[Stored records]

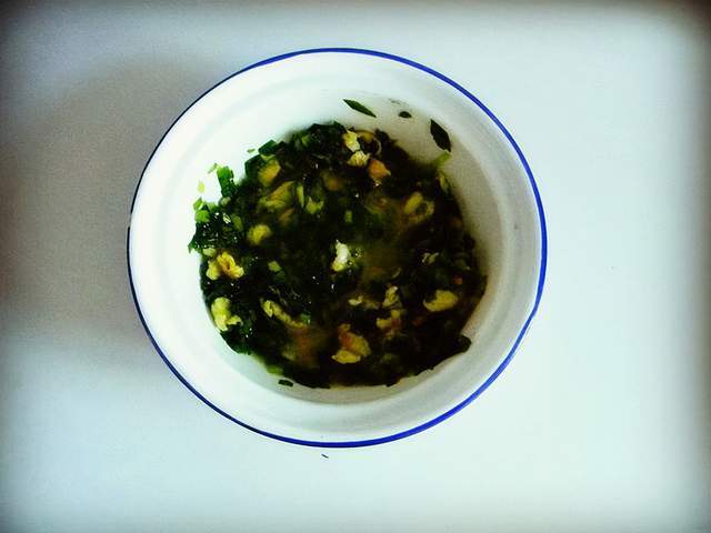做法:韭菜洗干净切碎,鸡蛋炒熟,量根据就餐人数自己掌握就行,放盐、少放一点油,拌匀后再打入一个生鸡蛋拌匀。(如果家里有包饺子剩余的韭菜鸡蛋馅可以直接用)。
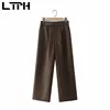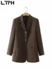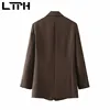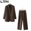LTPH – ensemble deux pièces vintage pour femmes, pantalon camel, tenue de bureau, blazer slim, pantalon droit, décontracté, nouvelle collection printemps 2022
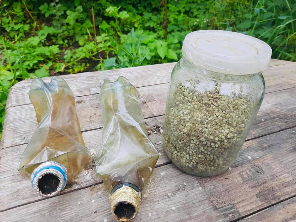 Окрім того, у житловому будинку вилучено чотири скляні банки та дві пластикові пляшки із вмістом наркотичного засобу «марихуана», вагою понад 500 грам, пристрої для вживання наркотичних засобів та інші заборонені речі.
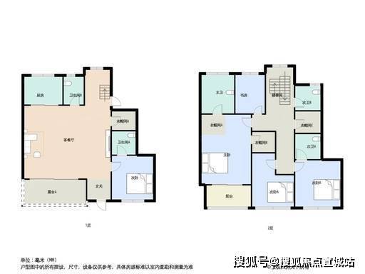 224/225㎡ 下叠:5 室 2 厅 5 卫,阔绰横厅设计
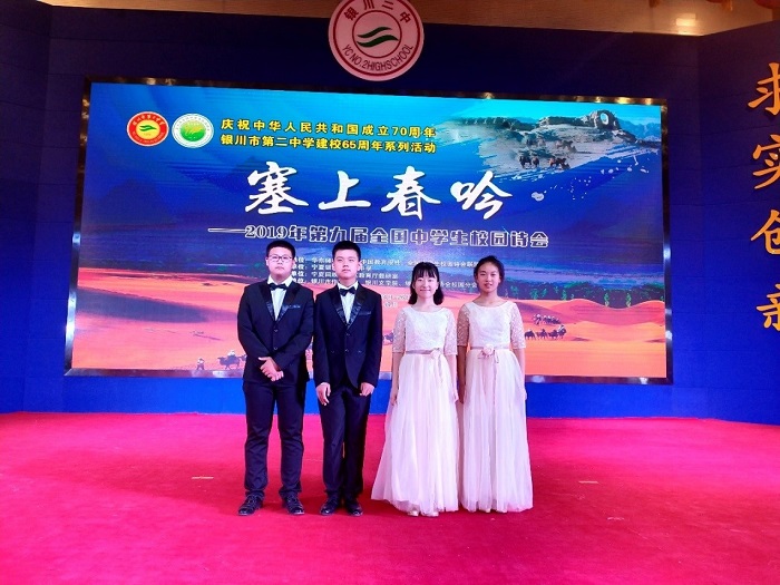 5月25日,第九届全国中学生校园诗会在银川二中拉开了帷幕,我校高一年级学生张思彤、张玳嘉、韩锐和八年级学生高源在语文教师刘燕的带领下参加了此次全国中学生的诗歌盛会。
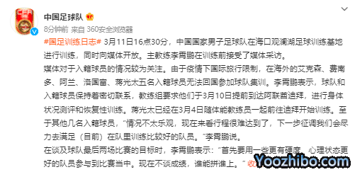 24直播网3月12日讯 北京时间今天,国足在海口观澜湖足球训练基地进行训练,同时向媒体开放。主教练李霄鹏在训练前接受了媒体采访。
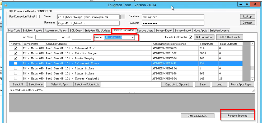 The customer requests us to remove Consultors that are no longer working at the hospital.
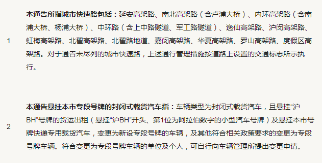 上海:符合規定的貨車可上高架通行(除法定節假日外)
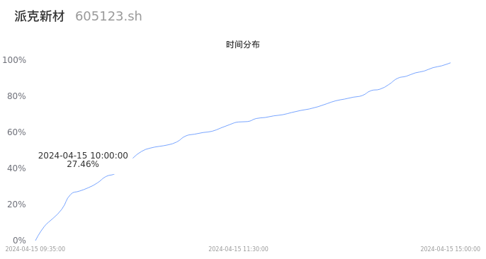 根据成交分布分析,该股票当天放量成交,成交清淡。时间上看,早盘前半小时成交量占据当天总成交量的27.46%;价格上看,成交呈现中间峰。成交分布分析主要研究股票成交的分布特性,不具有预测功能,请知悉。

* * *

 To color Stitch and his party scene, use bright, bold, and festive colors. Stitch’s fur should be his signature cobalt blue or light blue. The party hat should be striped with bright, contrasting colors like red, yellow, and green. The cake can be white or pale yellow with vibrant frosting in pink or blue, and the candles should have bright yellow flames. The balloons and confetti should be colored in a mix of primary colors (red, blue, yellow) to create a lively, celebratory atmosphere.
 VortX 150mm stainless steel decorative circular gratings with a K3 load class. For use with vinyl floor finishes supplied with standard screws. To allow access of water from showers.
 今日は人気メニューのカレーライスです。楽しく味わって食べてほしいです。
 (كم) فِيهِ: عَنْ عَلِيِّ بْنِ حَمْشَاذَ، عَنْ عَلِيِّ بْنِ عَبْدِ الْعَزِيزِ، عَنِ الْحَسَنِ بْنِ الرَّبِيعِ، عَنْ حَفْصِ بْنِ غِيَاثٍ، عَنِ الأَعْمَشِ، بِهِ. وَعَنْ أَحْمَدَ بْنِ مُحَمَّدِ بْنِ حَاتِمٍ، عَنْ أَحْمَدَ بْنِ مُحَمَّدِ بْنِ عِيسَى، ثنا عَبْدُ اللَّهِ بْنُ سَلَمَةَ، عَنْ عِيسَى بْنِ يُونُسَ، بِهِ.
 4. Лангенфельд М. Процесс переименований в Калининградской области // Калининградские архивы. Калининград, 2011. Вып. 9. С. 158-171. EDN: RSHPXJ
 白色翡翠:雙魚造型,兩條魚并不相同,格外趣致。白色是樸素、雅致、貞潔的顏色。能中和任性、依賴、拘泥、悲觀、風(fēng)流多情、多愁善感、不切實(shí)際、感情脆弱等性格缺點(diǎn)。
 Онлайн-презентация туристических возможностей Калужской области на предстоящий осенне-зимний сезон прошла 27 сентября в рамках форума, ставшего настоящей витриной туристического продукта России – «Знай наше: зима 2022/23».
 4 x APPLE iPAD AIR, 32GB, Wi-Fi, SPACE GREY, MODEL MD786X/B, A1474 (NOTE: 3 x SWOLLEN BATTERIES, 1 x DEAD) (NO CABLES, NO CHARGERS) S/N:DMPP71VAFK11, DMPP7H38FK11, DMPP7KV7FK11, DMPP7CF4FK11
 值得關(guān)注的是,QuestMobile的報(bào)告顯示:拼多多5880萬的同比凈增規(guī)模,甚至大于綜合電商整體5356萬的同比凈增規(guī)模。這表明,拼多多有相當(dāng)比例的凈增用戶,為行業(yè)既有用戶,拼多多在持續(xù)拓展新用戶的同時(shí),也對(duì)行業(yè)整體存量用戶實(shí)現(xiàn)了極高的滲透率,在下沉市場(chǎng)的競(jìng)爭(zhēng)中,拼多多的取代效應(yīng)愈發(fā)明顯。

## [What to produce]
Starting at the line containing "做法:韭菜洗干净切碎,鸡蛋炒" and finishing at the line containing "24直播网3月12日讯 北京", return those lines exactly as they appear above, without the pictures.

## [Response for this exercise]
做法:韭菜洗干净切碎,鸡蛋炒熟,量根据就餐人数自己掌握就行,放盐、少放一点油,拌匀后再打入一个生鸡蛋拌匀。(如果家里有包饺子剩余的韭菜鸡蛋馅可以直接用)。
LTPH – ensemble deux pièces vintage pour femmes, pantalon camel, tenue de bureau, blazer slim, pantalon droit, décontracté, nouvelle collection printemps 2022
 Окрім того, у житловому будинку вилучено чотири скляні банки та дві пластикові пляшки із вмістом наркотичного засобу «марихуана», вагою понад 500 грам, пристрої для вживання наркотичних засобів та інші заборонені речі.
 224/225㎡ 下叠:5 室 2 厅 5 卫,阔绰横厅设计
 5月25日,第九届全国中学生校园诗会在银川二中拉开了帷幕,我校高一年级学生张思彤、张玳嘉、韩锐和八年级学生高源在语文教师刘燕的带领下参加了此次全国中学生的诗歌盛会。
 24直播网3月12日讯 北京时间今天,国足在海口观澜湖足球训练基地进行训练,同时向媒体开放。主教练李霄鹏在训练前接受了媒体采访。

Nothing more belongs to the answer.